Tencent Music (NYSE:TME) and Spotify (NYSE:SPOT), two of the world's largest music streaming platforms, own near-10% stakes in each other. Tencent Music, which was formed from the merger of QQ Music, Kugou, and Kuwo, is the market leader in China. Spotify, which was founded in Sweden, owns the world's largest paid music streaming service.

Tencent Music's online music platforms served 657 million mobile active users (MAUs) in China last quarter. Its social entertainment platform, which lets users stream live karaoke performances, reached 256 million mobile MAUs.
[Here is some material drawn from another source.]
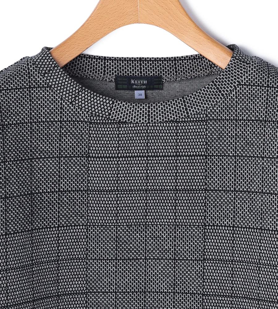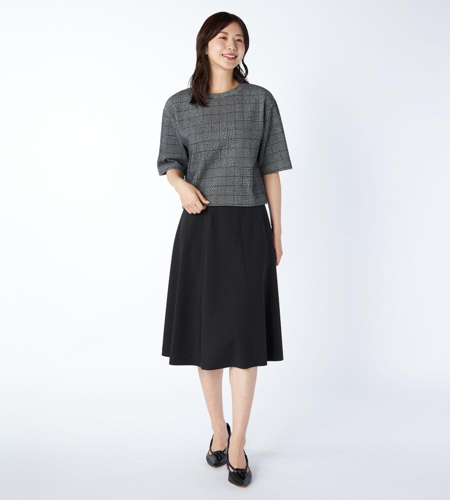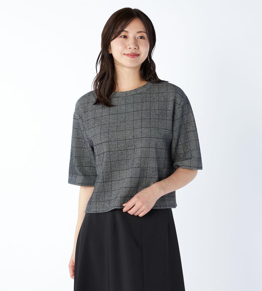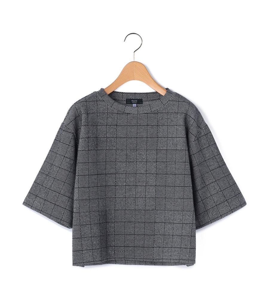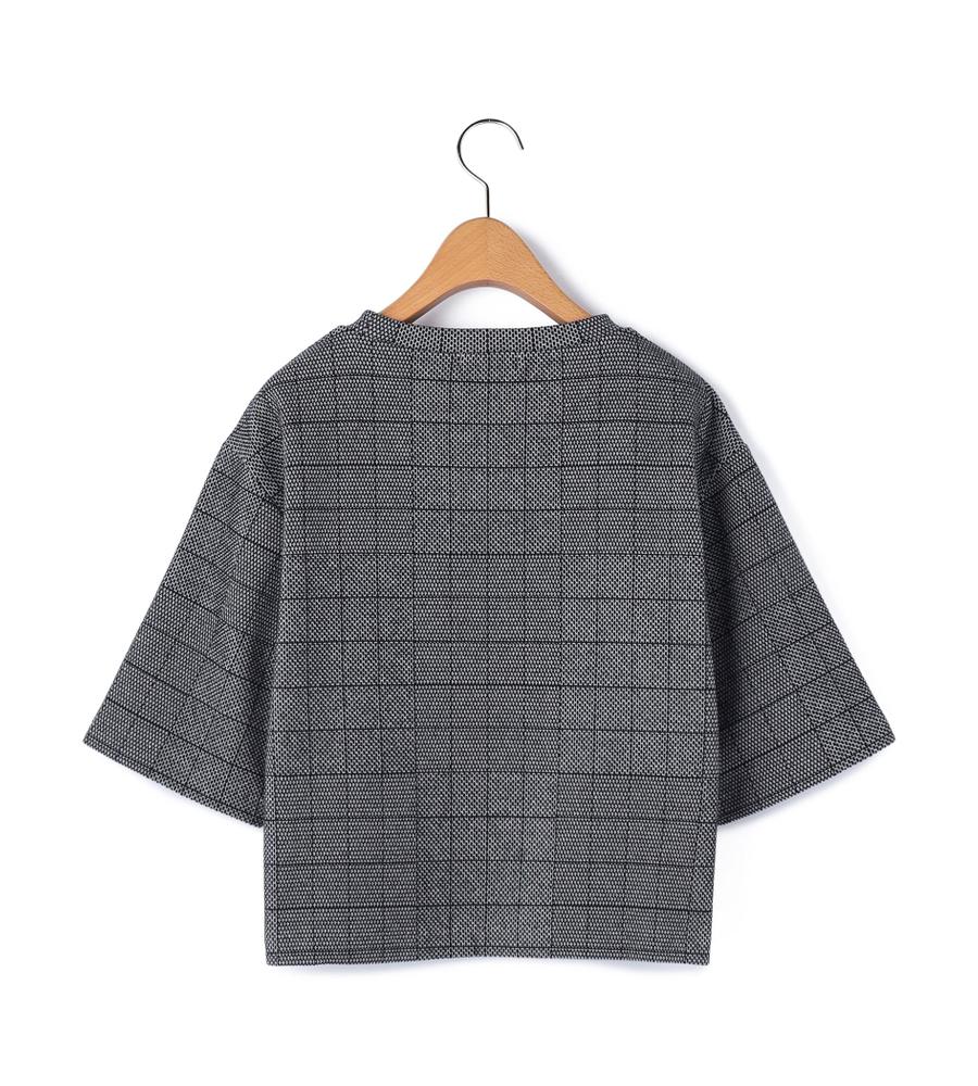 チェック柄のジャカードジャージー生地を使用したクルーネックカットソー。ソフトな風合いで、上品な印象ながらもリラックスして着こなせるアイテムです。ゆったりしたシルエットと短めの着丈のバランスは、コーディネートを旬な雰囲気に演出。パンツ、スカート問わず、様々なボトムと相性よく決まります。

The two platforms served 55.5 million paid users.

Spotify served 286 million MAUs last quarter. It reaches a smaller overall audience than Tencent Music, but it served 130 million premium subscribers. But unlike Tencent Music, which generates higher-margin revenue from its social entertainment business, Spotify isn't profitable.

A young woman listens to music on headphones.

Image source: Getty Images.

In the past, I said that Tencent Music's growing social entertainment business and consistent profits made it the better investment than Spotify. But over the past 12 months, Tencent Music's stock declined about 15% while Spotify's stock surged more than 50%.

Let's see why Tencent Music underperformed Spotify, and why I now believe Spotify is becoming a better all-around investment than its Chinese counterpart.

A simpler business model

Tencent Music generated 68% of its revenue from its "social media entertainment and others" business last quarter. This business, which makes most of its money from virtual gift sales to its karaoke streamers on WeSing, generated impressive growth throughout 2019.

However, the unit's revenue fell 17% sequentially and grew just 3% annually last quarter, even as its mobile MAUs rose 13% annually. It blamed its declining revenue per user on fewer purchases of gifts throughout the COVID-19 crisis, adjustments to inactive users, and a tough sequential comparison to its annual awards gala last December.

A young girl in star-shaped sunglasses sings a song.

Image source: Getty Images.

The rest of Tencent Music's revenue came from its online music business, which sells subscriptions and digital downloads, online ads for free users, and sub-licenses its own licensed songs to other streaming platforms.

Revenue at this business rose 27% annually but dipped 5% sequentially as the Chinese government forced Tencent Music to lower its sub-licensing fees after smaller streaming rivals like Alibaba and NetEase accused it of gouging prices.

Spotify's business model is simpler. It generated 92% of its revenue from premium subscriptions last quarter, and the rest came from ad-supported users.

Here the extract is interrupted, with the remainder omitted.